To make the welt I lay my back piece on the leather for the welt and draw around it. Now lay your blade onto the uncut welt and draw an outline of it on the leather, making sure you maintain the 3/8"+ all the way around between the edge and the face outline.

IMPORTANT: If the blade has a belly, such as on some of the big Bowies, you will have to make the mouth of the welt as wide as the widest part of the blade. Trying to fit a 2" wide section of blade through a 1 1/2" gap just doesn't work!

Again dampen your leather and when it's ready to work as described above, cut the section out to the INSIDE of the blade's outline. This is where your blade will fit.

Now lay the blade on the flesh side of the back piece and draw an outline of the blade onto the back. Next contact cement the welt to the back making sure that the inside edge of the welt is up against the blades outline.

HINT #2: To make sure the welt follows the blades outline as closely as possible (with the same caveat as above regarding blade shape) I glue the spine side down and then fit the welt snug up against the edge and glue it down.

Before proceeding trim away the excess welt material.

SECTION 4:
My idea of a good fit is when you can turn a sheath upside down and the knife won't slide out, yet at the same time it should not hang up in the sheath when being drawn. This can be a painstaking process of trying and fitting until gotten right. To get a good fit of blade to sheath I do the following:

I skive/sand the side of the welt along the sharp edge of the blade and the false edge if there is one
until the welt is between 3/32" to 1/16'" thick depending on your blade.

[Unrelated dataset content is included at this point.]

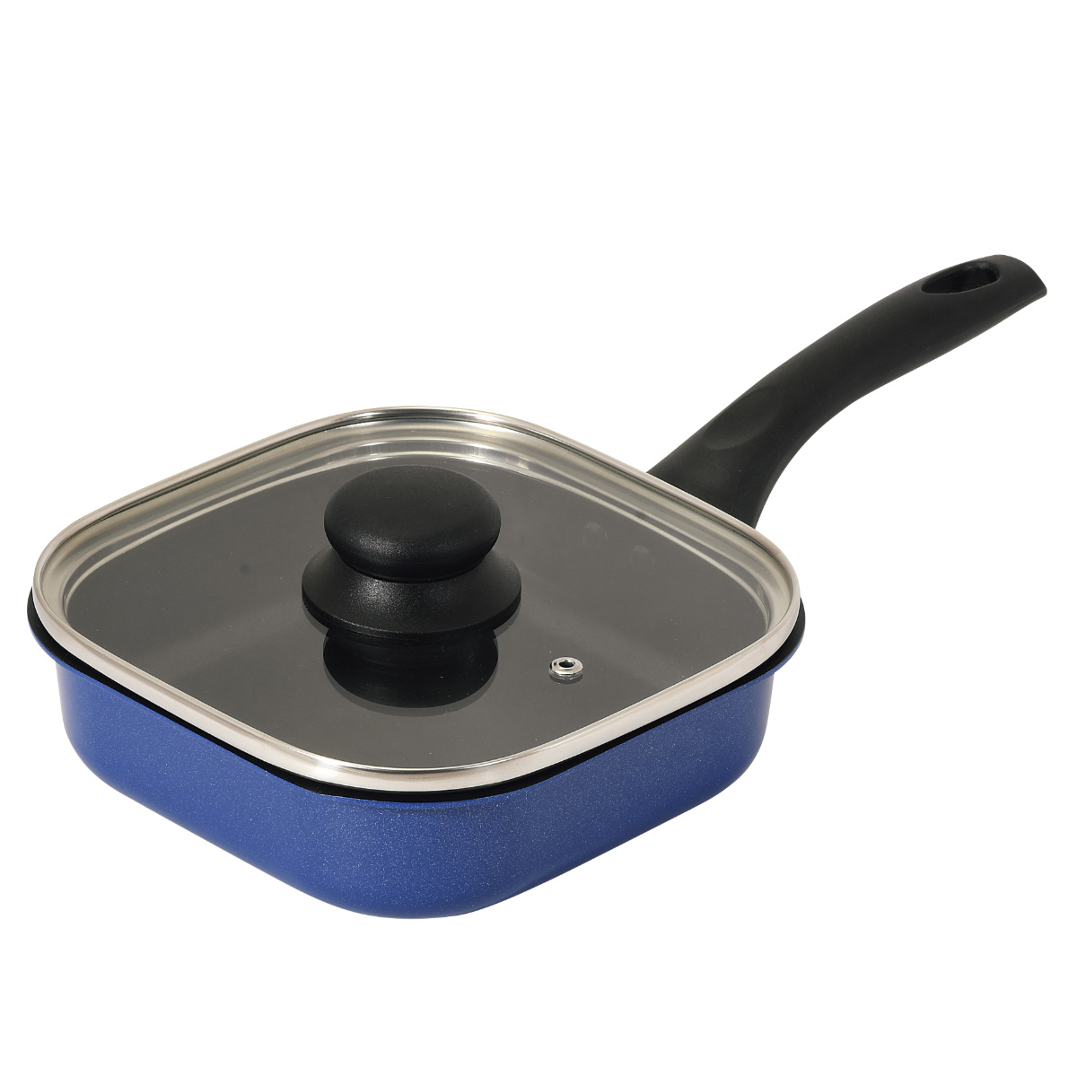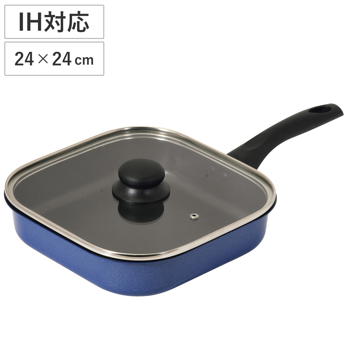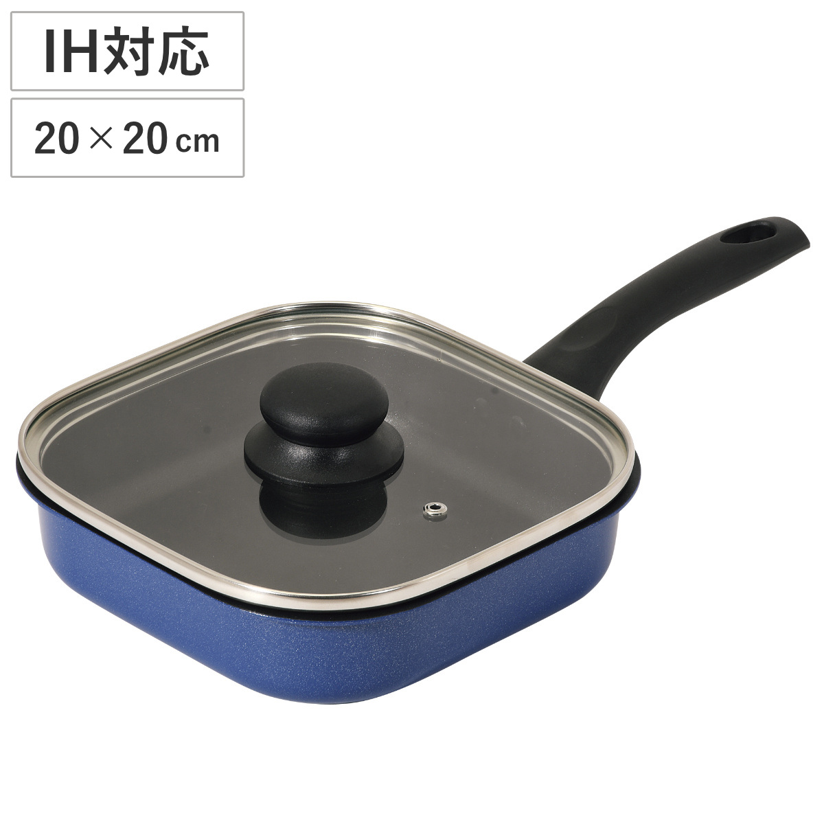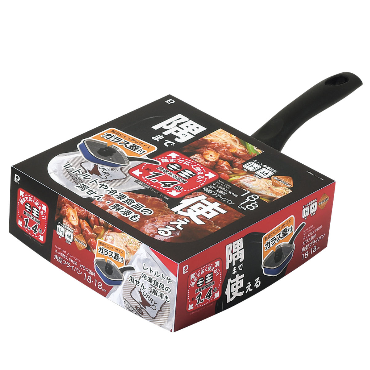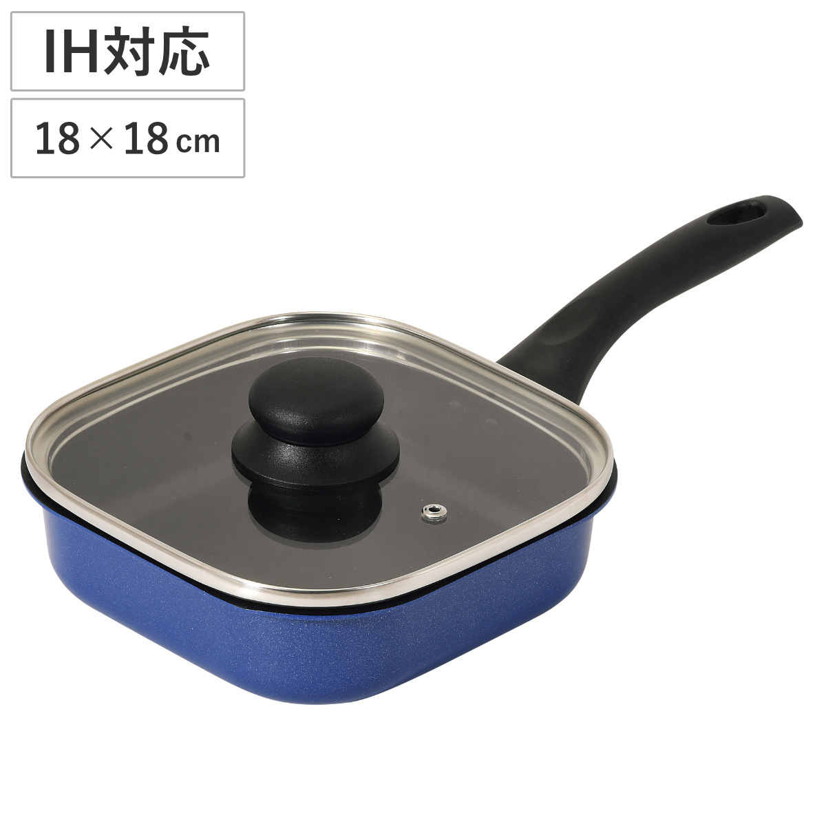 フライパン 角型 18×18cm IH対応 ニューハコパン ガラス蓋付き ( ガス火対応 四角いフライパン 玉子焼き器 卵焼き器 ふっ素加工 スクエア 正方形 深型 ふた付き フッ素加工 玉子焼きフライパン エッグパン 朝食 弁当 軽量 )

(For those who folks who are at this point thinking I'm crazy, proof is in the pudding - I have done it this way for at least 25 years and have NEVER once had a blade cut through the welt. If you're not comfortable with this method then skip this step and go on to the next section.)

Work SLOWLY! To test the fit, RUBBER CEMENT the front and back together and use a couple of small clamps close to the mouth to keep it snug there. If the blade is too loose pull the front and back apart apart (the reason for rubber cement and not contact cement) and skive/sand some more. If the blade has a false edge or is double edged (the hardest to get a good fit) I also trim the welt along that edge. The object is to have the leather along the face and back contact as much of the blade as possible. This gives it the proper tension for gripping the blade properly. If the blade has a ricasso you of course have to leave the welt the correct thickness and the welt will then be tapered along it's length from tapered grip to point, in other words a distal taper. Once I get a good blade fit I trim the back and welt to match the front. You don't need to final trim the sides at this point as that will be done after sewing the front and back together. But you do need to trim not only the sides, but the mouth as well and this is easily done on the belt sander - just GO SLOW! If you take too much off, the blade won't fit all the way into the sheath. It can be fixed by pulling apart the front and back and carefully carving the welt away, but it's better not to. After sanding the mouth edges even, I take an edge tool and trim the fuzz off the inside edge of the mouth.